Так в последние годы каждый свой рабочий день он начинал с обхода домов, подлежащих сносу. Это ему нравилось, так как кругом шла большая, кипучая стройка. Город менял свой облик на глазах. И часто, отвечая на вопросы жителей района, он приводил десятки примеров. «Вот взять, к примеру, — говорил он, — Октябрьский район нашего города. Это крупная строительная площадка. Вон какие здания отгрохали, которые раньше и во сне не снились. Только за последние годы выросли массивы Ц-26, Ц-27, украсился район Дворцом пионеров, гостиницей „Чорсу“, Домом кино…» Одной из самых трудных проблем Камил Файзиевич считал снос старых домов.

— Входи, сынок, гостем будешь, — сказал, выходя навстречу, Саттар-ака.

Саттар-ака усадил Камила Файзиевича за стол. Девочка быстро подала чай, горячие лепешки.

Жил Саттар-ака с внуком и двумя правнуками — трое сыновей не вернулись с фронта. Дом был ветхий, латаный-перелатанный, как старый чапан.

«Легче новый построить», — подумал Камил Файзиевич, рассматривая потолок комнаты.

Старик, подавая пиалу крепкого чая, тоже оглядел потолок, пожал плечами, сказал с улыбкой:

— Да, этому дому столько лет, сколько мне самому. Сносить надо!

— Откуда же вы знаете, по какому вопросу я к вам пришел? — поинтересовался зампред.

— Вчера заходил ко мне председатель нашей махалли и сказал, что в связи со строительством нового жилого массива наши дома будут сносить, — медленно говорил старик. — И нам предлагают квартиру в высоких домах. А на нашей улице будут такие же красивые дома, как на Алмазаре.
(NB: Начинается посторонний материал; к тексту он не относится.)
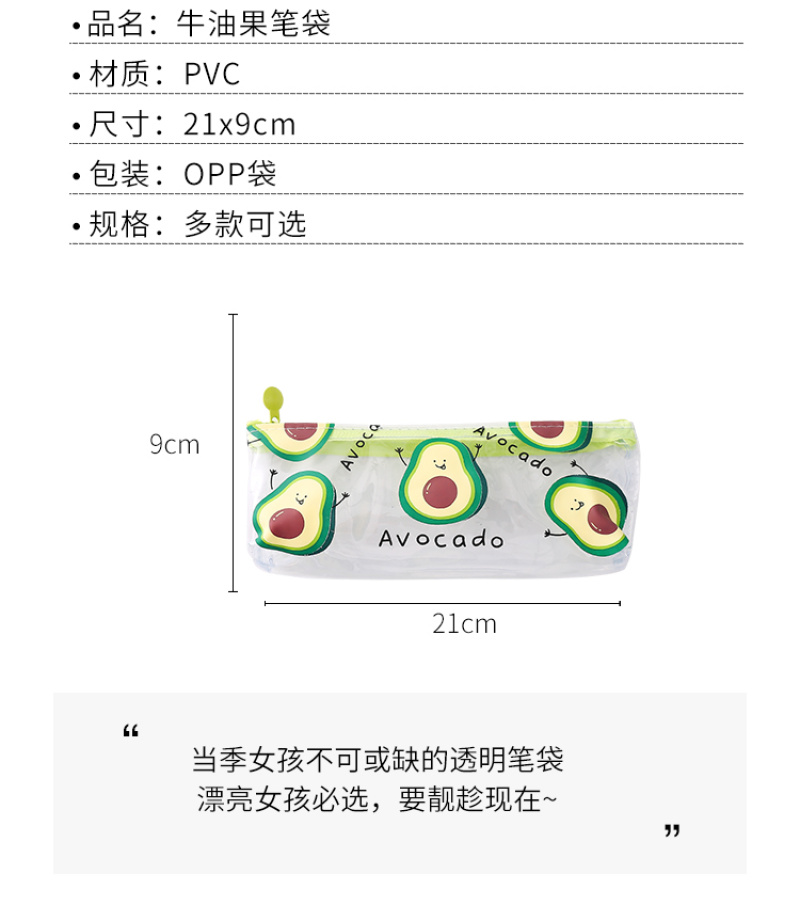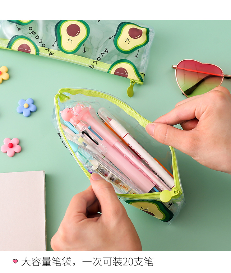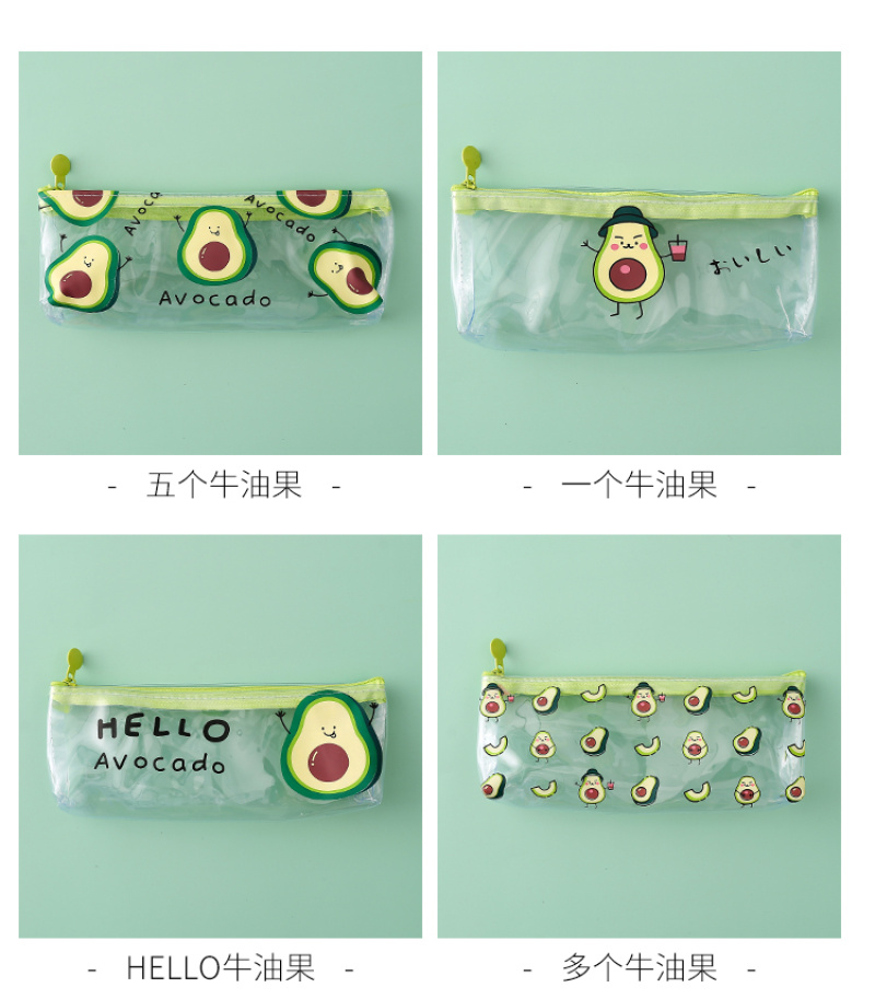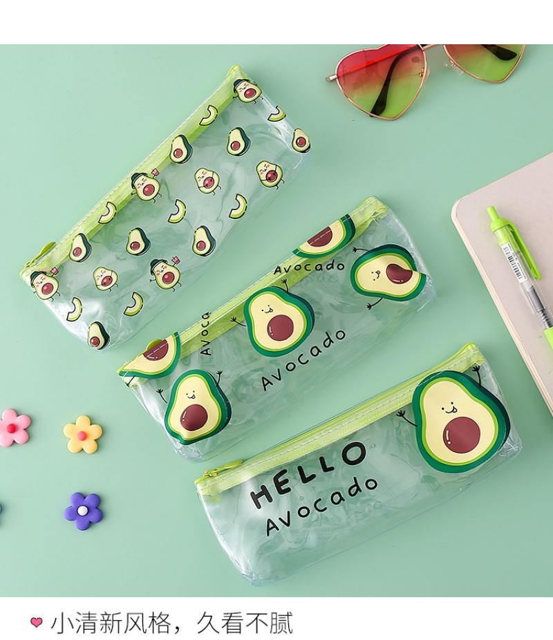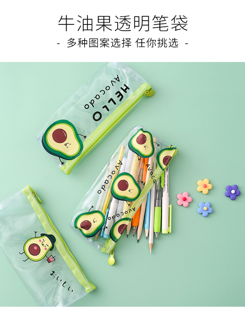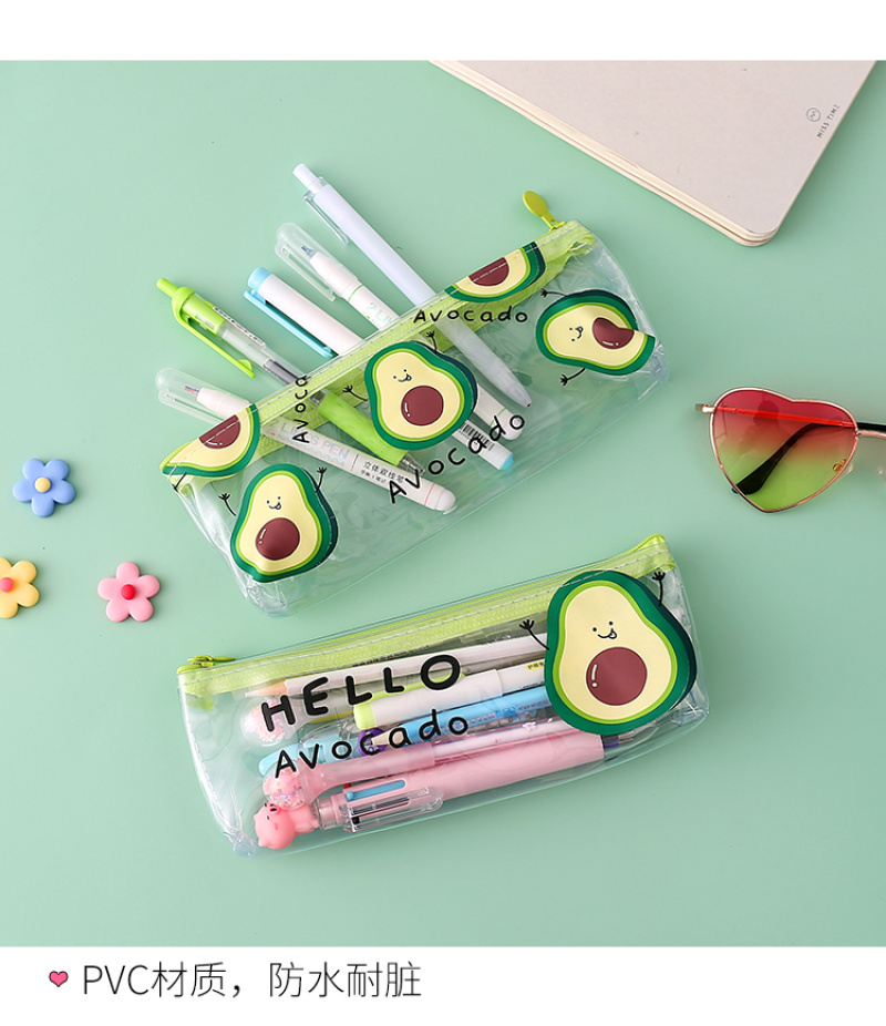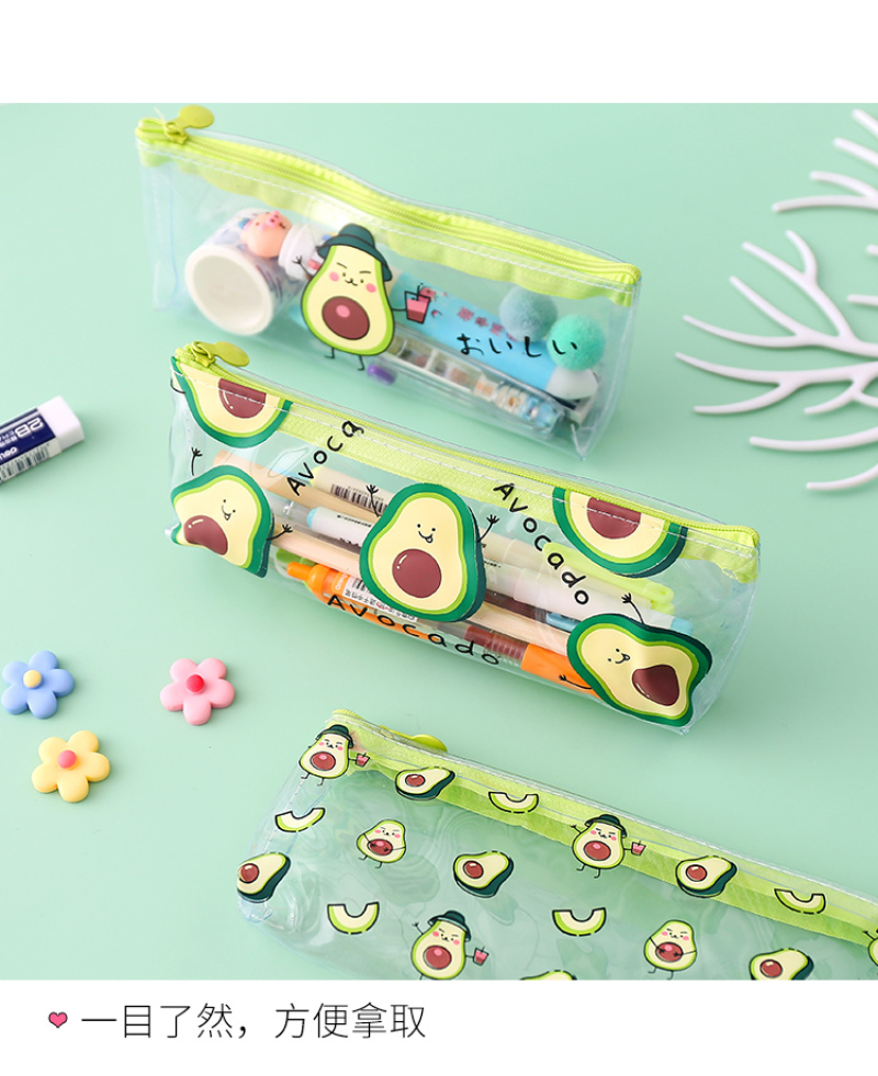 Transparent PVC pencil bag small fresh avocado pencil bag stationery bag cosmetic bag toiletry bag 中文版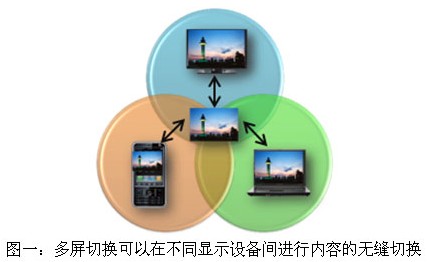 目前我國的三網融合進程正在加速。三網融合帶給用戶最大的體驗就是多屏幕的融合,同樣的服務可以由不同的終端設備實現,而不同的設備也可以訪問相同的資源。在三網融合的大背景下,多屏切換的概念也應運而生。多屏切換在多屏幕融合基礎上,向用戶提供了多個顯示終端的跨屏交互服務,用戶的使用內容可以在不同顯示終端的屏幕上進行無縫連接。舉例來說,對于同樣的一段視頻,用戶在戶外可以用手機觀看一部分,在辦公場所可以用PC接續觀看,而回到家中則可以繼續用電視觀看剩余的部分。對于其他的應用,如游戲、音樂等,多屏切換也允許進行類似的操作。從數字電視的角度來看,多屏切換對數字電視有極大的推動作用。數字電視做為最傳統也是顯示面積最具優勢的設備,可以提供不同于手機和PC的體驗。

«Да, — подумал Камил Файзиевич, — какое огромное мы дело делаем. Люди видят, знают и благодарны за это».

— Правильно, нужно ломать старое и строить новое, — продолжал Саттар-ака.

— Вот и хорошо, Саттар-ака, пришлите, пожалуйста, завтра внука в райисполком — пусть оформляет ордер на новую квартиру!

— Спасибо, сынок, обрадовал. Только вот беда…

— Какая беда? — обеспокоился Камил Файзиевич.

— У меня тут виноградник, не пересадишь его сейчас.

— Да, жаль, — призадумался Камил Файзиевич.

…Не прошло и недели, как Саттар-ака с семьей переехал в новую четырехкомнатную квартиру. Радовало здесь старика все: и теплая ванная, и паркетные полы, и то, что первый этаж. Только переживал он за свой виноградник. Связано это было с давней историей.

В 1945 году вернулся Саттар-ака с фронта. Шесть месяцев, что провалялся в госпиталях, показались для него столетием. Две тяжелые раны, полученные в боях, плохо заживали. Вскоре умерла жена, Карамат-апа. Умерла, так и не сказав мужу о том, что получила на каждого сына по похоронке.